Rentré du Danemark, où avait lieu la reprise des compétitions et où il s’est incliné d’emblée face au Danois Vittinghuis (n°42), Maxime Moreels, 97e mondial, est reparti disputer un tournoi en Allemagne, où il affrontera l’Indien Jayaram (n°61) au premier tour. L’occasion d’évoquer avec le Nivellois de 29 ans, l’impact de la crise sanitaire sur le badminton, son parcours, son avenir et sa vie quotidienne, lui qui habite Tongres pour être le plus proche possible de son lieu d’entraînement au Sart-Tilman.

Maxime, comment s’est passée cette reprise après huit mois sans compétition ?

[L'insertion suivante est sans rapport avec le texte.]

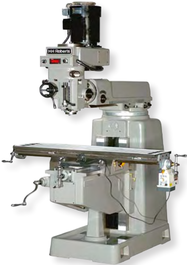
The 5-GL shown with all standard equipment.

"Je suis tout simplement content d’avoir pu participer à ce tournoi au Danemark ! Ce n’était pas évident parce que c’était un tableau de 32, auquel je n’ai pas accès en temps normal, étant 97e mondial. Et, surtout, il n’y avait pas de qualification pour ce rendez-vous qu’on peut comparer à un Grand Chelem en tennis. Alors, bien sûr, je me suis incliné face à Vittinghuis, mieux classé que moi, d’autant que, l’an dernier, il figurait encore dans le top 15 ! Le score de 21-13, 21-8 est très sévère et ne reflète pas, selon moi, la physionomie du match. La différence entre nous se situe au niveau de la solidité dans l’échange. J’ai lâché des points faciles alors que nous avons joué quelques longs rallyes, tournant une fois à son avantage, une fois au mien. Mais ce fut franchement une excellente expérience !"

Heureux d’avoir, enfin, repris et aussi de pouvoir enchaîner avec l’Allemagne ?

"Bien sûr ! En Allemagne, il s’agit d’un tableau de 64, mais le rendez-vous est tout aussi relevé. J’aurai comme premier adversaire un Indien, également mieux classé que moi. Ceci dit, je profite du moment parce que je crains que ce seront les deux seuls tournois au calendrier d’ici la fin de saison. Avec la crise sanitaire, le protocole imposé coûte très cher aux organisateurs qui, en outre, ne peuvent compter sur les spectateurs pour rentabiliser leur événement. Il y a bien encore un tournoi au Portugal et l’Euro par équipes, en décembre, mais je doute qu’ils soient organisés vu la situation…"

Après un bon début de saison, vous étiez en course pour la qualification olympique. Et maintenant ?

"Nous avons rendez-vous entre janvier et avril où, si tout va bien, nous jouerons les tournois annulés cette année. Lorsque les compétitions se sont arrêtées, mi-mars, j’étais sur la corde raide pour les Jeux de Tokyo. Dernier qualifié ou premier éliminé ! C’est une situation délicate à vivre car les JO sont, bien entendu, le rêve de toute une carrière, y compris pour moi."

Comment avez-vous géré cette période trouble au niveau des entraînements ?

"Le mieux possible ! Après deux semaines de battement, nous avons pu bénéficier des installations, au Sart-Tilman, comme auparavant. Mais ce n’était pas facile de planifier une préparation sans savoir s’il y aurait des compétitions ou pas. Aujourd’hui, quelques-unes sont là. J’en profite !"

Nivellois d’origine, vous habitez à Tongres. Pas évident sur le plan familial ?

"Je vois mes parents et ma sœur de temps en temps. Eux sont professeurs, donc directement confrontés aux problèmes entourant le virus. Tous, nous sommes prudents, même si, comme tout le monde, notre vie quotidienne est perturbée par cette crise sanitaire. J’espère qu’elle se terminera le plus vite possible."

Sur le plan sportif et financier, comme vous sortez-vous ?

"Écoutez, comme les autres, je me suis adapté. Je n’ai pas de contrat comme sportif de haut niveau, mais je peux compter sur un sponsor. Il m’aide comme il peut… Pour moi, le badminton est plus qu’un métier, c’est une passion ! Et, heureusement, car ce ne sont pas les prize-money des tournois qui peuvent subvenir à nos besoins. Ceci étant, je ne me plains pas. Avec cette crise, d’autres secteurs comme la culture et l’horeca, pour ne citer qu’eux, sont bien plus touchés que le sport. Mais l’incertitude sur l’avenir nous affecte tous."